WHAT NEEDS TO BE DONE
Pictures excluded, output the lines of the data below between the one holding "LAG O-3-39 13.60" and the one holding "real gabinete portgues", inclusive, exactly as they stand.

::: INFORMATION :::

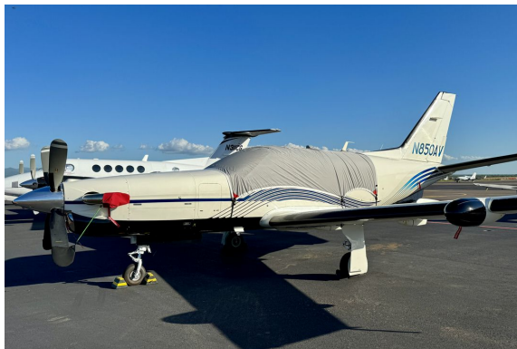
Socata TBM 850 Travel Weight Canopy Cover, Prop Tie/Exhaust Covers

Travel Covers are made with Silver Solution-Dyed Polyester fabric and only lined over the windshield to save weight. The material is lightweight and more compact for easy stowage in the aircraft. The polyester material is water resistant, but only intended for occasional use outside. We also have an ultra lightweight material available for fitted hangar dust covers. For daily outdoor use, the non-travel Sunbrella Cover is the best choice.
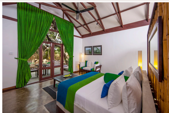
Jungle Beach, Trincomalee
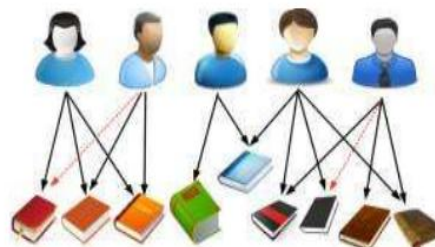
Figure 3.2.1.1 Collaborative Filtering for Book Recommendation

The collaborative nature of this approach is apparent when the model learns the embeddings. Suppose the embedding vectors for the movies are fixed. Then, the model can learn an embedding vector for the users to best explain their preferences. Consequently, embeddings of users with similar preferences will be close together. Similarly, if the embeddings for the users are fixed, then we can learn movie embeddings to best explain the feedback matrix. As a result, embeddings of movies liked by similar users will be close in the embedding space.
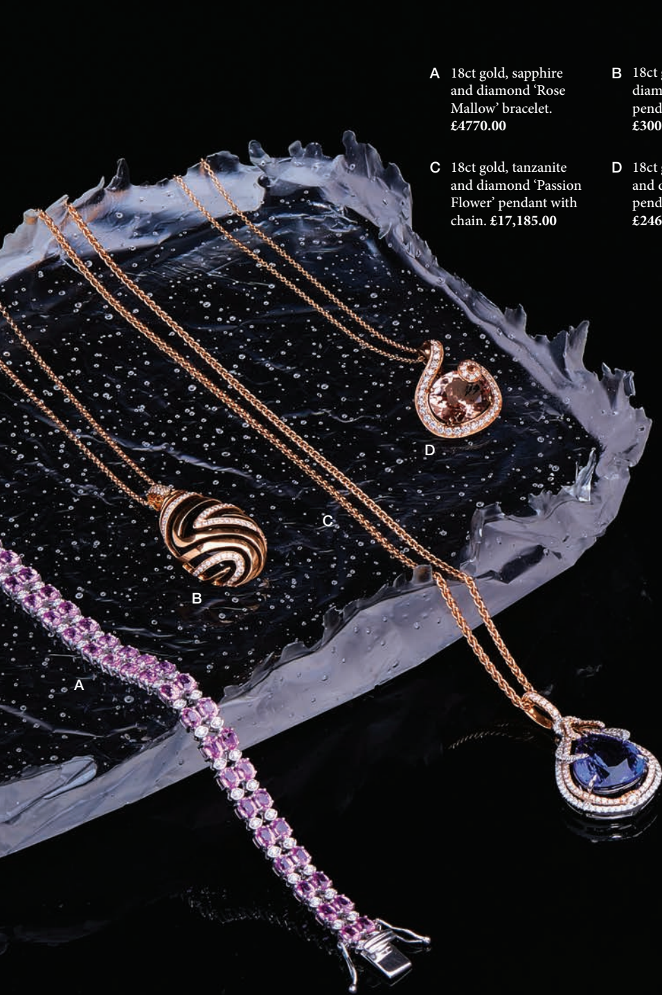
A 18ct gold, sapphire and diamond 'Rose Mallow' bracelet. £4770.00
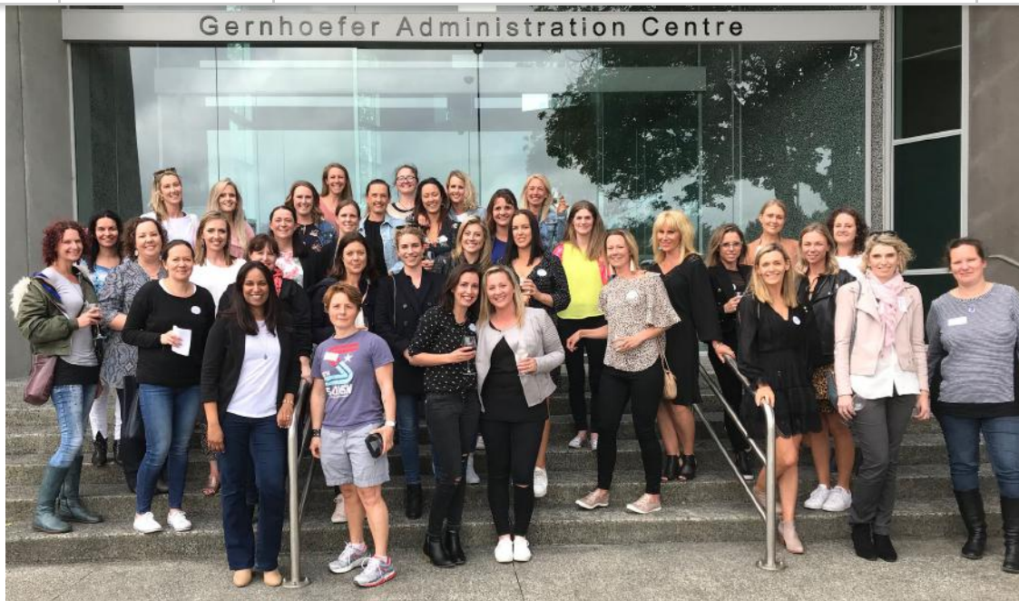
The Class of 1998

:::
::: INFORMATION :::

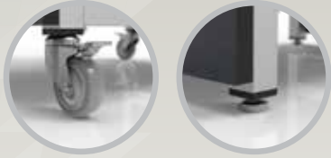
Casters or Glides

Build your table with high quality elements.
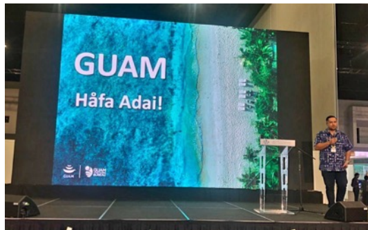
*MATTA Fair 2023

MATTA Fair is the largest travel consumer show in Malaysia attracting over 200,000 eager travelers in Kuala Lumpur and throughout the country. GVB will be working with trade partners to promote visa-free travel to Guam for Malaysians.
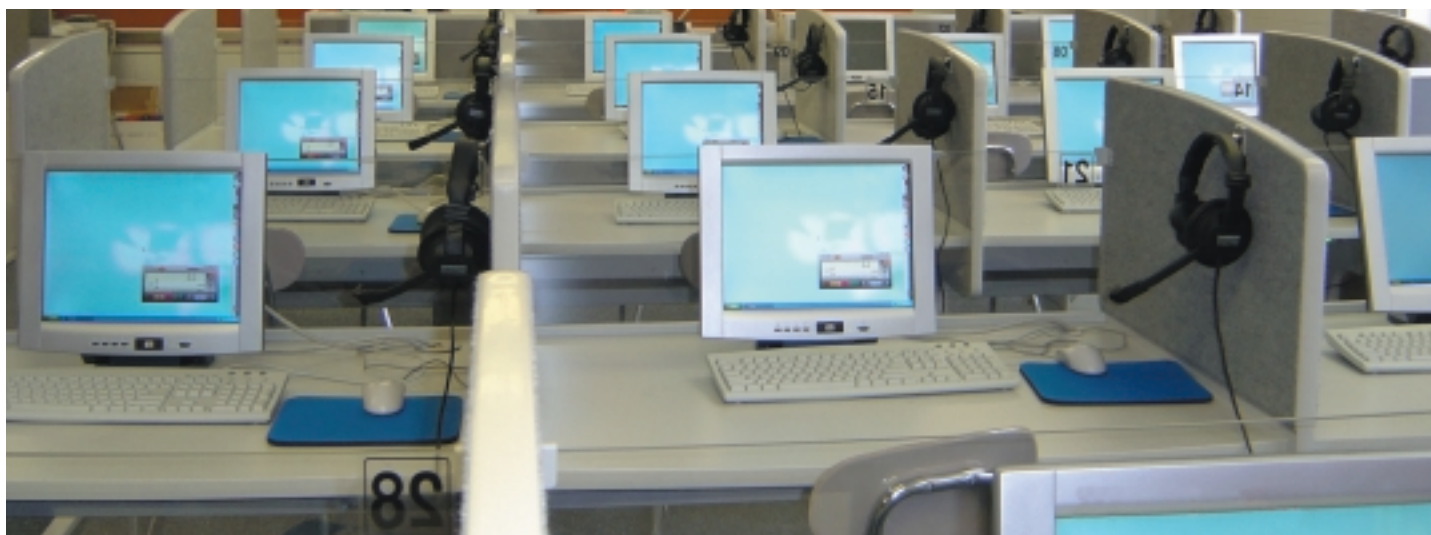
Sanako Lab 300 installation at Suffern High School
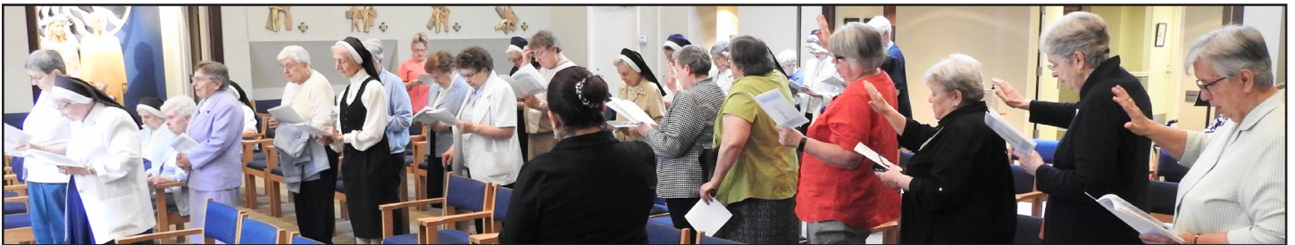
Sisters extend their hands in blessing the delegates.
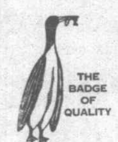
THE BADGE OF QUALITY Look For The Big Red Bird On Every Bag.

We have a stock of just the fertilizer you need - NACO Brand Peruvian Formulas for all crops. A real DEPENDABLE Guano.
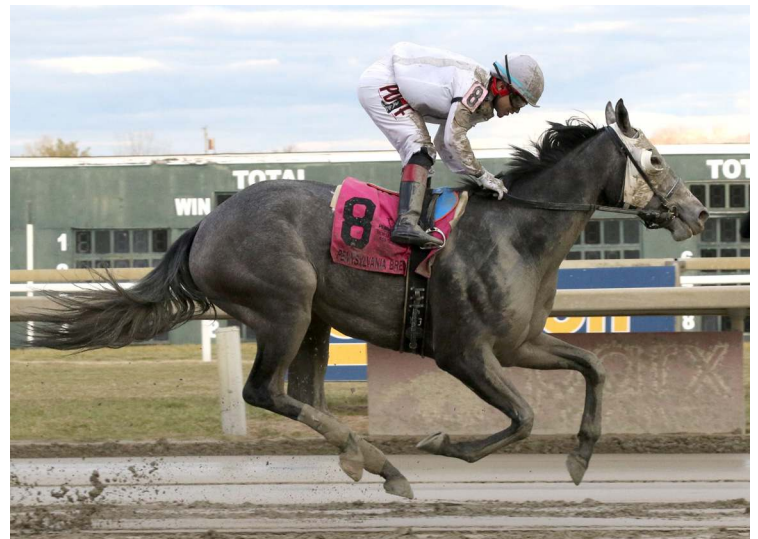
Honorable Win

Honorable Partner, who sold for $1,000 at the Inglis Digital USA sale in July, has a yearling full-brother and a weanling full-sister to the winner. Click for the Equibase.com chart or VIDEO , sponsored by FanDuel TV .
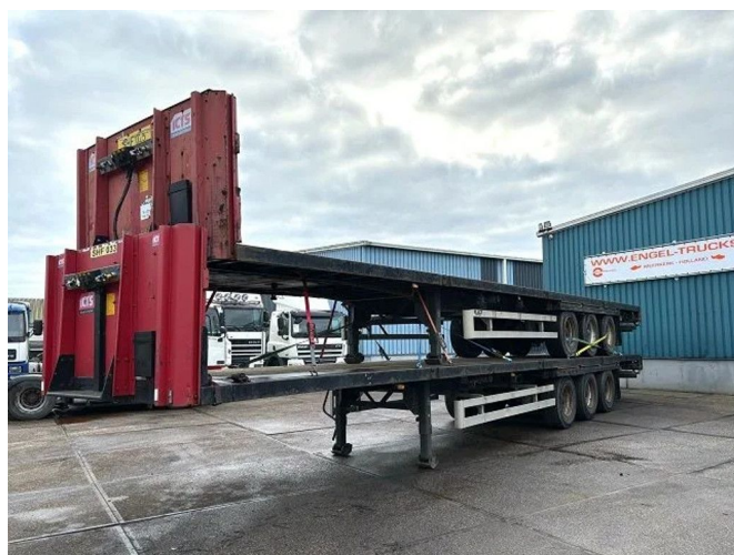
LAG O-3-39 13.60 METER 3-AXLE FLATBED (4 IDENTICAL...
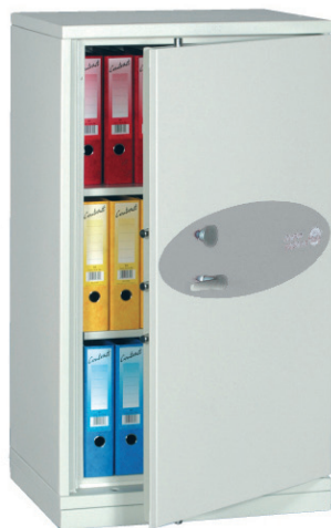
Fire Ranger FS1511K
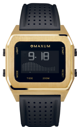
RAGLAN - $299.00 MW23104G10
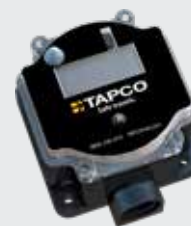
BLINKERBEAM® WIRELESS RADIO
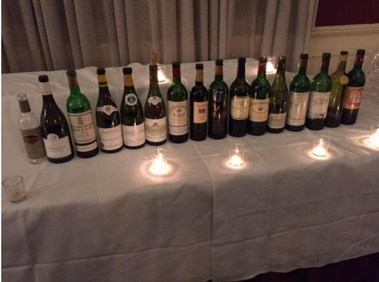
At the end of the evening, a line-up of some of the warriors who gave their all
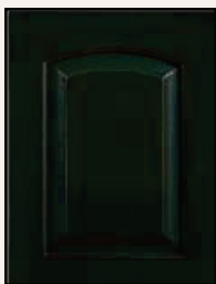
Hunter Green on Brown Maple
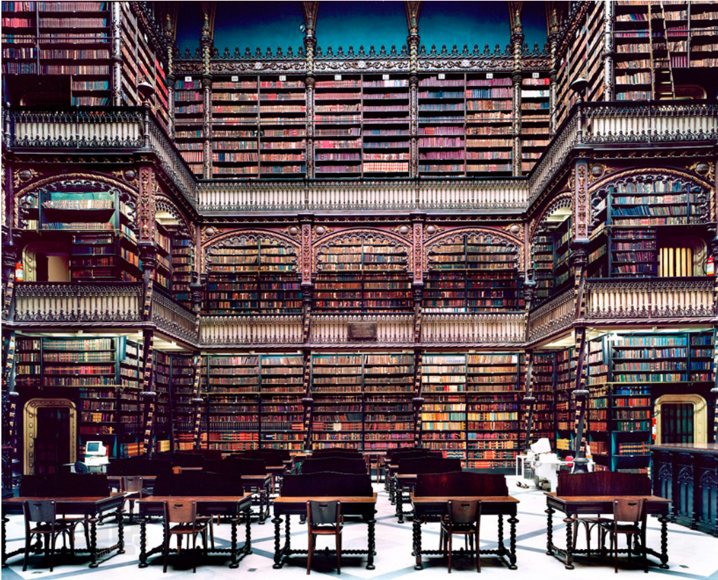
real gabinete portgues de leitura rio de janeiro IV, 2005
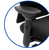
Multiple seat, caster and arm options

:::

REPLY TO THE EXERCISE
LAG O-3-39 13.60 METER 3-AXLE FLATBED (4 IDENTICAL...
Fire Ranger FS1511K
RAGLAN - $299.00 MW23104G10
BLINKERBEAM® WIRELESS RADIO
At the end of the evening, a line-up of some of the warriors who gave their all
Hunter Green on Brown Maple
real gabinete portgues de leitura rio de janeiro IV, 2005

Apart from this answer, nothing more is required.